IBM rebuilds QRadar for hybrid clouds and AI workloads
Under its “open” approach, the new SIEM is built to support a common, shared language for detection rules — Sigma, allowing clients to import new, crowdsourced detections directly from the security community as the threats evolve.
The use of open source technologies brings a promise of “federated search and threat hunting capabilities,” allowing searching and investigating threats across all cloud and on-premises data sources in a “single, unified way, without moving data from its original source,” IBM said.
However, cloud-native approach in itself might not be enough for IBM to compete with existing players. “IBM has no advantage with the cloud-native architecture alone as vendors like Devo, Google, Microsoft, and Splunk have pursued a similar strategy,” said Jon Oltsik, an analyst at ESG. “IBM must compete on feature/functionality, but it has a good story to tell that includes openness, data federation, support for standards, a partner ecosystem, etc.”
New SIEM uses AI and automation
The new SIEM introduces, and borrows, several AI capabilities to automate threat detection and investigation processes.

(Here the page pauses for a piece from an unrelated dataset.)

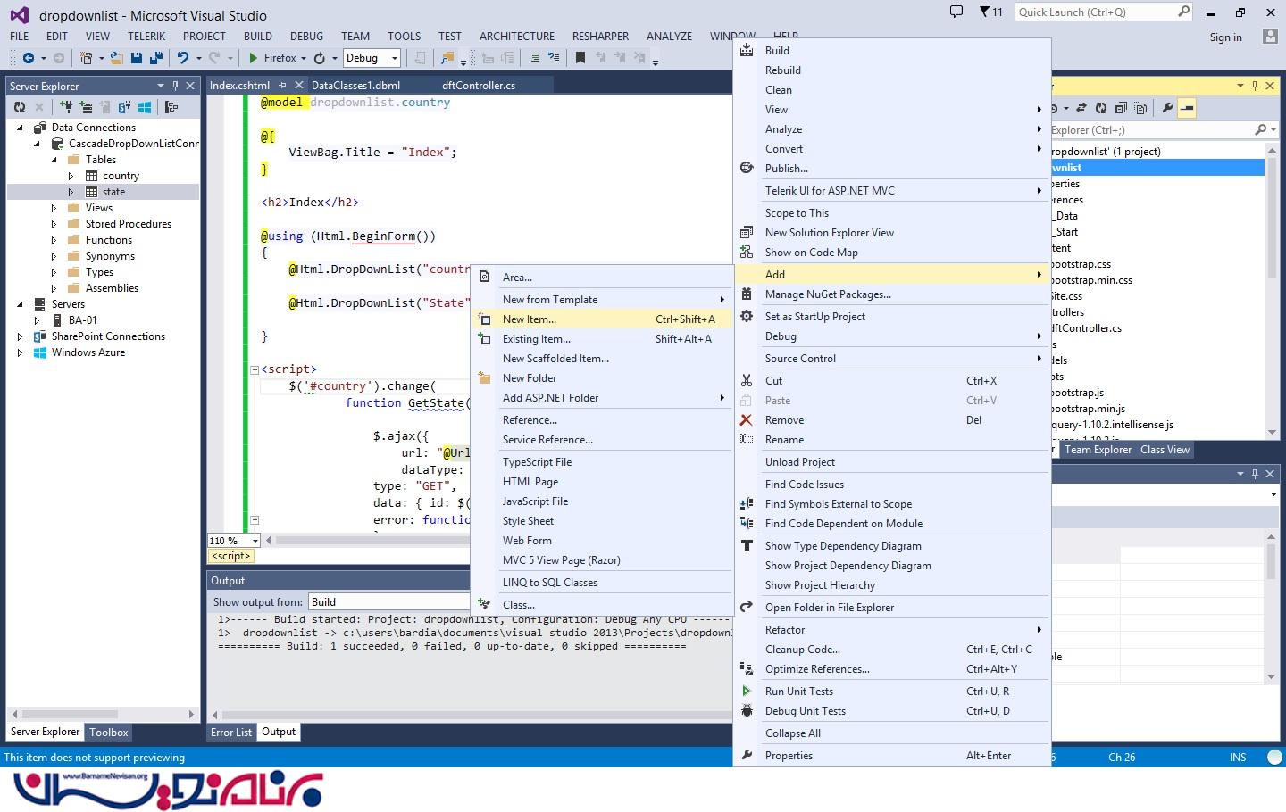 روی نام پروژه کلیک راست کرده و گزینه "Add new item" انتخاب نمایید.

A few AI-powered capabilities on the new SIEM include alert prioritization, threat investigation, and adaptive detection.

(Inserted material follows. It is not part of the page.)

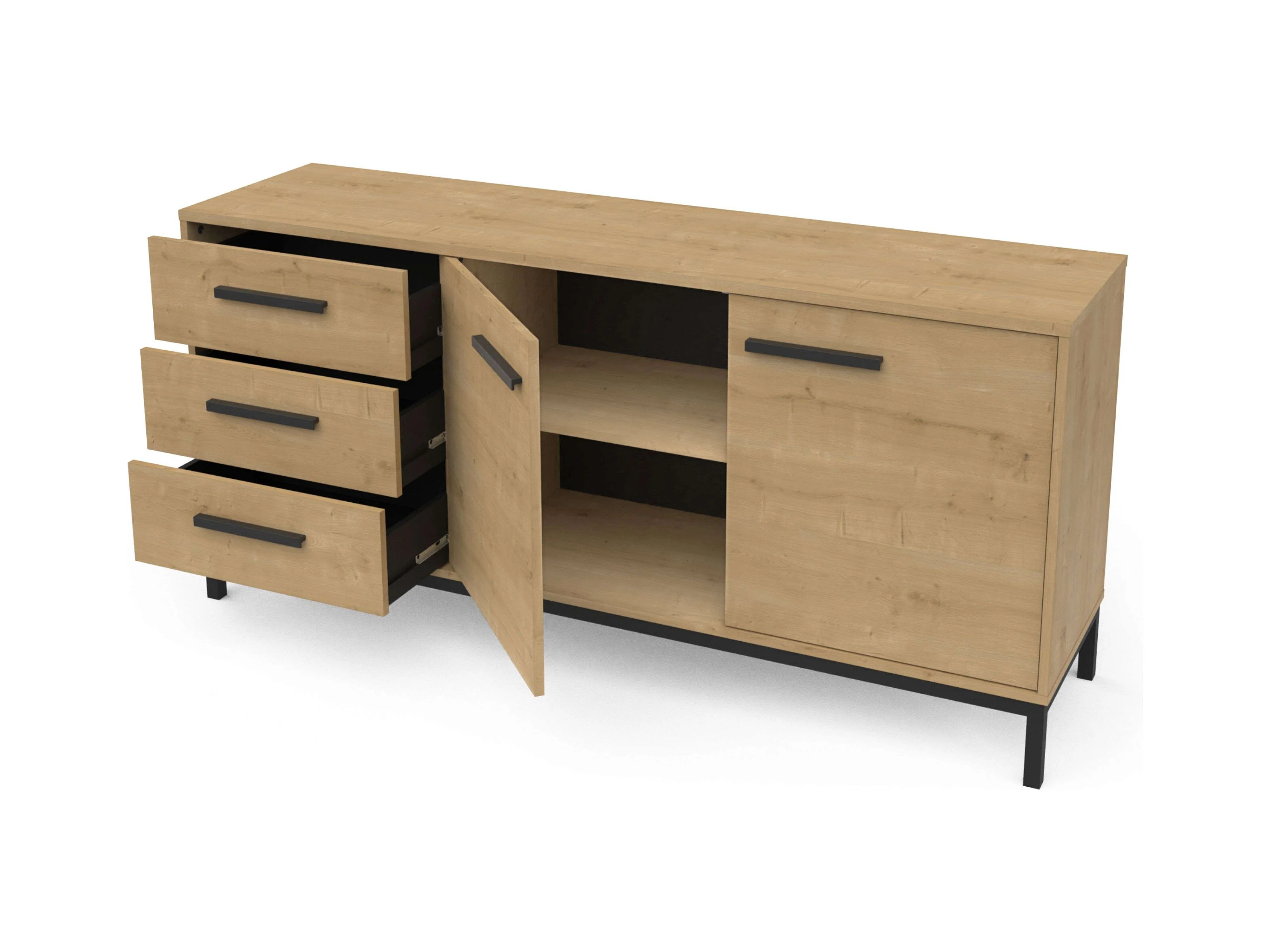 Aparador Craft com 2 portas e 3 gavetas, carvalho e preto, 72x40x153cm

Home-grown AI algorithms are used to de-prioritize noise and automate grouping, contextualizing, and escalating high-priority alerts. Threat investigation also uses AI engines to run automated searches across connected systems, generating a visual attack timeline, MITRE ATT&CK mappings, and recommended actions. Adaptive detection refers to the automatic updating of detection rules as and when intelligence arrives.
“The AI technologies within QRadar SIEM have been developed within IBM and refined over the course of several years, trained on millions of alerts from thousands of clients, as well as external threat context and historical analyst response patterns,” Meenan said. “Some of these AI capabilities were also developed in collaboration with IBM’s cybersecurity services team, which manages security operations for thousands of clients around the world.”